The apply() function is one of the popular functions in pandas used to transform data within a pandas DataFrame. This article will explain how to use the apply() function in pandas DataFrame to transform data and show other common functions of pandas.to the apply() function

Pandas DataFrame is nothing but a tabular data structure, like a spreadsheet or a database table.

It contains rows and columns of data that can be manipulated using several functions. The apply() function in pandas DataFrame enables you to apply a particular function to a single column or an entire DataFrame.

The syntax for using the apply() function to transform a DataFrame inplace

The apply() function can be used with different arguments, including the inplace argument and lambda function. The inplace argument specifies whether the transformation should be applied in-place on the DataFrame or return a new copy of the modified DataFrame.

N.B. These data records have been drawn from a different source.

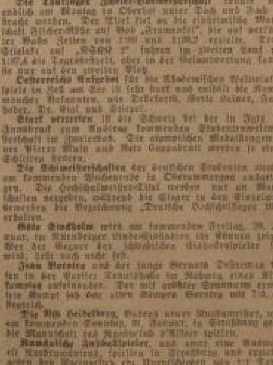
Die Internationale Basketballmeisterschaft in Garmisch-Partenkirchen

Die Einzelkämpfe der Gruppe West am Sonntag. Seckenheim — 1:0, Eintracht — 1:1, Eintracht — 1:1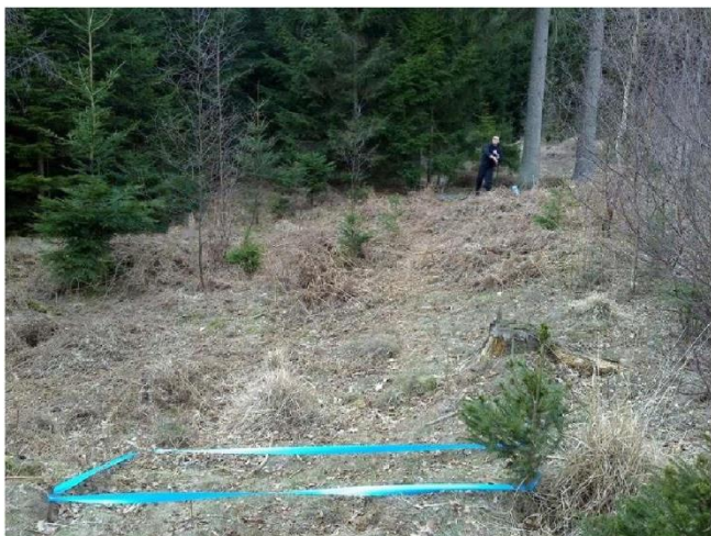
Kast med håndgranat efter skyttegrav

3. eskadrille førte som den eneste eskadrille sine rekrutter op til mærkeprøven i terrænsport (terrænsportsmærket i bronze). Jørgensen var som skolens idrætsleder uddannet og godkendt til at være dommer og dermed også kontrollant ved terrænsportsmærkeprøven.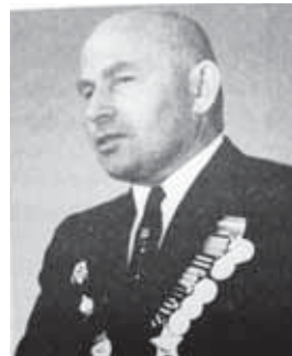
(Кыулбайланы Алиини «Кишилиги сыналгъанда...» китабындан.)

The lambda function is an anonymous function that can be used to write concise code for one-time use. Example 1: Using apply() inplace for one column

Suppose you have a DataFrame containing monthly sales data.

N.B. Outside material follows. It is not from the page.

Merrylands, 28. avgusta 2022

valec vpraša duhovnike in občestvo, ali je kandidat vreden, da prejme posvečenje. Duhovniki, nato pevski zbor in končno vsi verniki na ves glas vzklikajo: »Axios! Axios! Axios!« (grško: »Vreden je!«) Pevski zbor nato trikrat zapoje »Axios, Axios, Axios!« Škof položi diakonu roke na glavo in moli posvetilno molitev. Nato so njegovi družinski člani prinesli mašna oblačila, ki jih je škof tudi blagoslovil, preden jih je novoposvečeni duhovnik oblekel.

You can use the apply() function to double the sales in a particular column as shown below:

“`

import pandas as pd

sales_data = pd.DataFrame({‘Month’: [‘Jan’, ‘Feb’, ‘Mar’, ‘Apr’],

‘Sales’: [100, 200, 150, 300]})

# Use apply() inplace to double sales in the ‘Sales’ column

sales_data[‘Sales’].apply(lambda x: x*2, inplace=True)

print(sales_data)

“`

The output will be:

“`

Month Sales

0 Jan 200

1 Feb 400

2 Mar 300

3 Apr 600

“`

Example 2: Using apply() inplace for multiple columns

To apply the apply() function to multiple columns of a DataFrame, use the apply() function with a lambda function that receives multiple values. In the example below, we will double the sales values for the ‘Sales_1’ and ‘Sales_2’ columns.

“`

import pandas as pd

sales_data = pd.DataFrame({‘Month’: [‘Jan’, ‘Feb’, ‘Mar’, ‘Apr’],

‘Sales_1’: [100, 200, 150, 300],

‘Sales_2’: [500, 400, 450, 300]})

multiplier = lambda x, y: (x*2, y*2)

# Use apply() inplace to double sales in the ‘Sales_1’ and ‘Sales_2’ columns

sales_data[[‘Sales_1’, ‘Sales_2’]] = sales_data[[‘Sales_1’, ‘Sales_2’]].apply(lambda row: multiplier(*list(row)), axis=1)

print(sales_data)

“`

The output will be:

“`

Month Sales_1 Sales_2

0 Jan 200 1000

1 Feb 400 800

2 Mar 300 900

3 Apr 600 600

“`

Example 3: Using apply() inplace for all columns

If you want to apply the apply() function to all columns of a DataFrame, you need to apply it to the DataFrame itself and not just a single column. In the example below, we will double the sales values for all columns:

“`

import pandas as pd

sales_data = pd.DataFrame({‘Month’: [‘Jan’, ‘Feb’, ‘Mar’, ‘Apr’],

‘Sales_1’: [100, 200, 150, 300],

‘Sales_2’: [500, 400, 450, 300]})

# Use apply() inplace to double sales in all columns

sales_data = sales_data.apply(lambda x: x*2, inplace=True)

print(sales_data)

“`

The output will be:

“`

Month Sales_1 Sales_2

0 NaN 200 1000

1 NaN 400 800

2 NaN 300 900

3 NaN 600 600

“`

As we can see, the Month column is NaN (Not a Number) because it contains string values, and you cannot do calculations with strings.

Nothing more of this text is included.